17. On sin as dualism, see Blocher, Evil and the Cross, 15–16.
Again, such views are contrary to Scripture and offer no answers to the serious nature of the human condition. Evil is often tied to matter in these systems, thus devaluing creation and our physical bodies. This not only denies the goodness of God’s creation but also robs us of a Redeemer who assumed human nature.

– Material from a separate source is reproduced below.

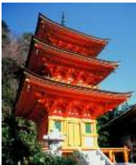
「宝厳寺」 三重の塔特別御開扉

In that, human nature redeemed us from sin, securing our justification and the reality of a new creation. Ultimately, such views deny the uniqueness, transcendence, self-sufficiency, and absoluteness of God since it posits another “eternal” thing that exists that is not subject to God’s sovereignty. Furthermore, like all non-Christian views, such views make sin a “substance”—thus rejecting the notion of sin as a “moral” evil—which entails that there is no such thing as human responsibility and, ultimately, no remedy for it.
Concluding Reflection
Any sane person knows there is something wrong with the human race, but it is only the Bible’s answer, grounded in Genesis 3, that truly explains what is wrong with us. All non-Christian views, in the end, are a denial of reality, and the consequence of such views is disaster, not only in failing to understand who humans are but also in providing no solution to the problem of sin. If we fail to understand the true nature of the human problem, as Scripture defines it, we will never appreciate the Bible’s only solution. In this regard, Genesis 3 is indeed one of the most significant texts in Scripture because apart from a correct understanding of it in its immediate context and in light of the entire canon, we will fail to appreciate our desperate condition due to Adam’s sin, and the glorious solution to it in Christ Jesus our Lord.